Andy Falconer is an English-born engineer, producer and artist mainly associated with electronic and ambient music. As well as his own musical project afp. He is also along with Alex Paterson a member of the band Sedibus, and former member of the bands The Orb and Apollo XI.

== Background ==
Andy was born in 1965 in Oxford, England, and is the youngest of three children. His father James Falconer ran his own pharmacy while his mother Rita Falconer kept house. Andy attended the City of Oxford High School for Boys, and it was there that his interest in music and the arts first started to bloom.

== Career ==
After leaving school at 18, Andy first went to work for the sound and light hire company 722027 in Oxford. However this was short lived, and he soon departed for London and secured his first recording studio job at Falconer Studios (no relation) in Camden. Quickly graduating from Assistant to Engineer and then Producer. Andy has worked with an impressive array of artists as diverse as Eartha Kitt, Depeche Mode, The Art Of Noise, System 7, and many others.

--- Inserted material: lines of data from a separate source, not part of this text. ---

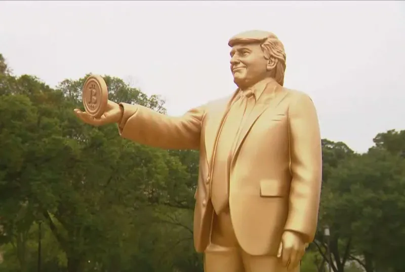 В США в полутора километрах от Белого дома установили золотую статую президента США Дональда Трампа с биткоином в руке.
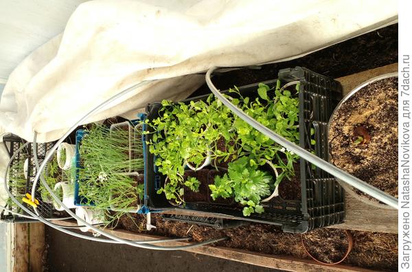 на крышу теплицы накинула старенький укрывной №30 в два слоя, в теплице под крышей то же укрывной, под дугами стоят луки и цветы — лобелия, аллиссумы, хризантемы, канны, бархатцы,
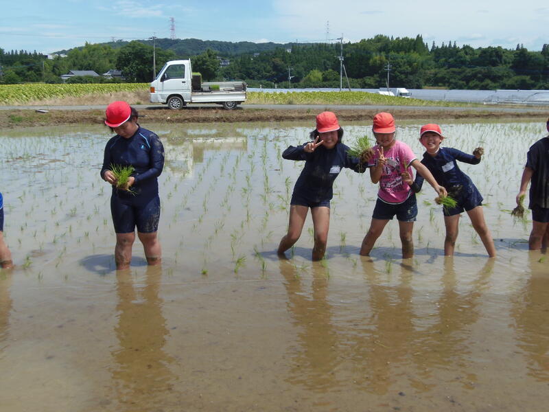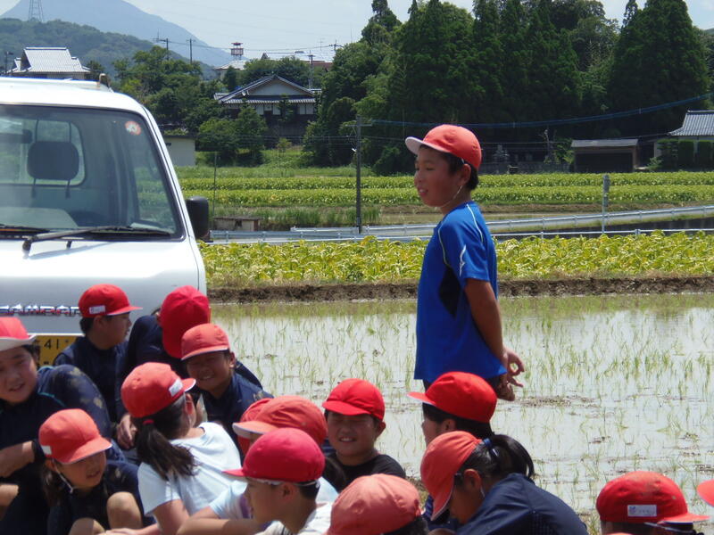 感想発表では、「手で植えると大変。機械は便利だなあと思いました。」「初めて田植えをしたけど、たのしかったです。」など、それぞれに発表することができました。収穫の日が楽しみです。
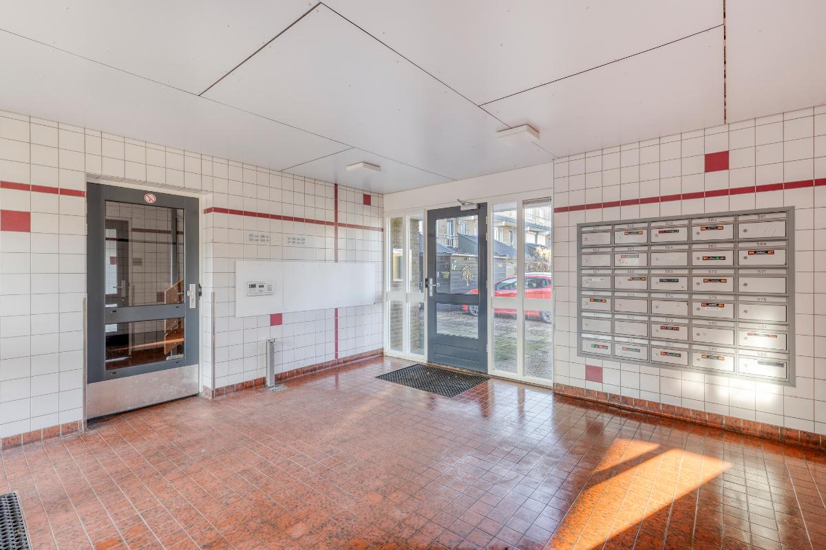 Begane grond: Entree appartementencomplex: De entree van het appartementencomplex is voorzien van een bellentableau, de brievenbussen, een trappenhuis én een lift, waarmee het appartement gemakkelijk bereikbaar is.
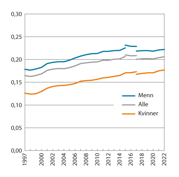 Kvinner | 19 | 19 | 20 | 19 | 19 | 19 | 19 | 19 | 20 | 21 | 20 | 20 | |
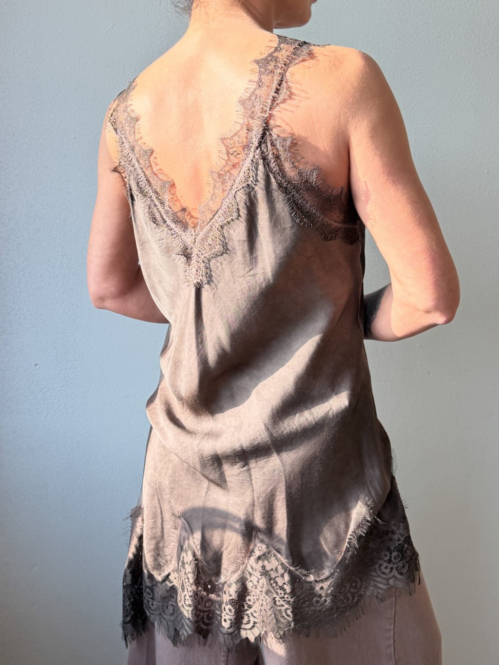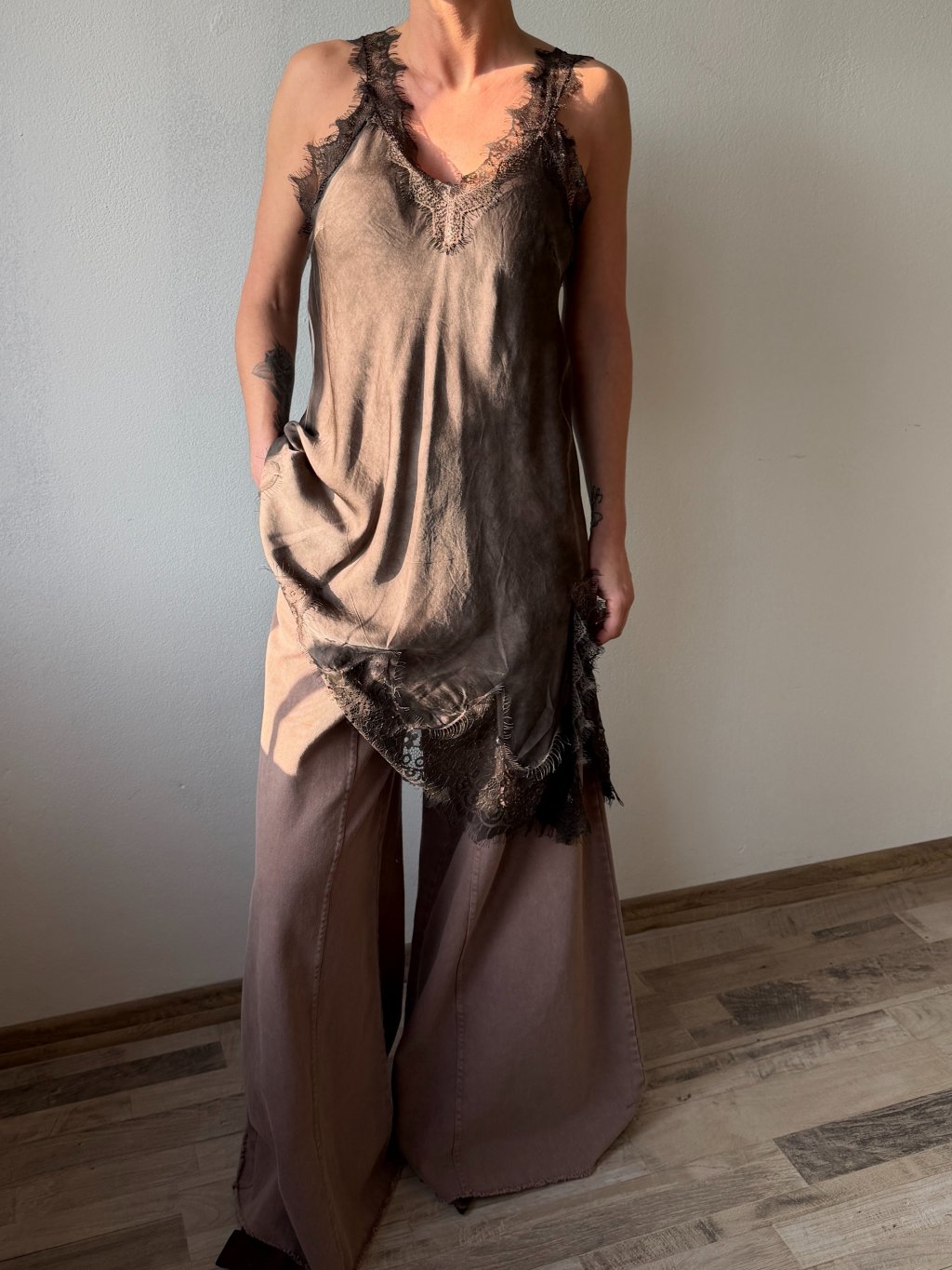 Čokoládový dlhý top s čipkou Lionel
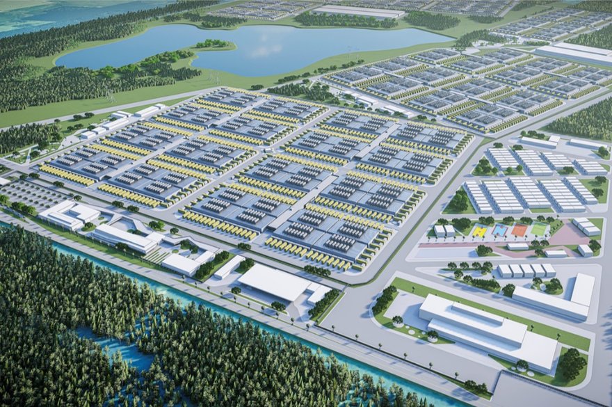 A fase inicial usará somente 70 hectares, o que equivale a 10% da área total. O projeto utiliza o design FutureProof, permitindo a instalação de racks que suportam cargas de trabalho intensivas em treinamento de inteligência artificial, com capacidades crescentes e superiores a 150 kilowatts (kW), em contraste com os 20 kW (ou menos) voltados para outros usos.
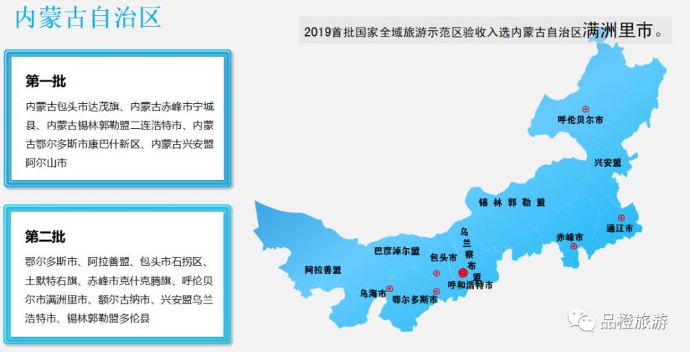 在国家全域旅游示范区创建名录中,内蒙古自治区首批入选5个、第二批入选9家。本次有1个正式入选“首批国家全域旅游示范区”——满洲里市。
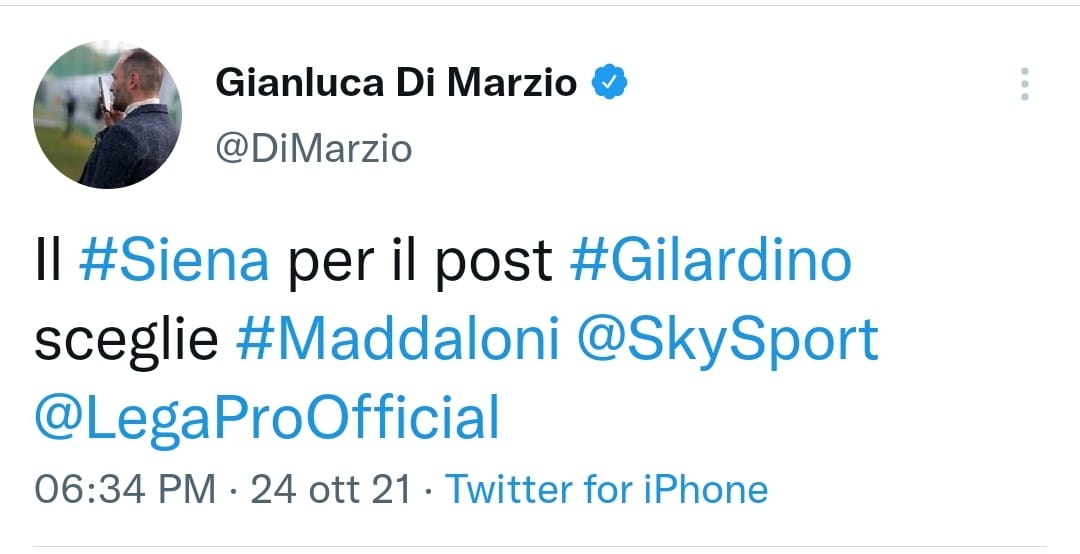 Gianluca Di Marzio poco fa ha lanciato un tweet nel quale svela che il nuovo allenatore bianconero sarà Massimiliano Maddaloni.

It was in 1990 and while working as a freelance engineer at Berwick Street Studios, in Soho London, that Andy met Alex Paterson and joined The Orb for the recording of their debut album The Orb's Adventures Beyond The Ultraworlds.

Shortly after this Andy took a sabbatical from studio work, but. In 2016 returned with his own project afp, and in 2018 reconvened with Alex Paterson as the band Sedibus, for the release of the album The Heavens. This was followed by the release of the album SETI in 2024.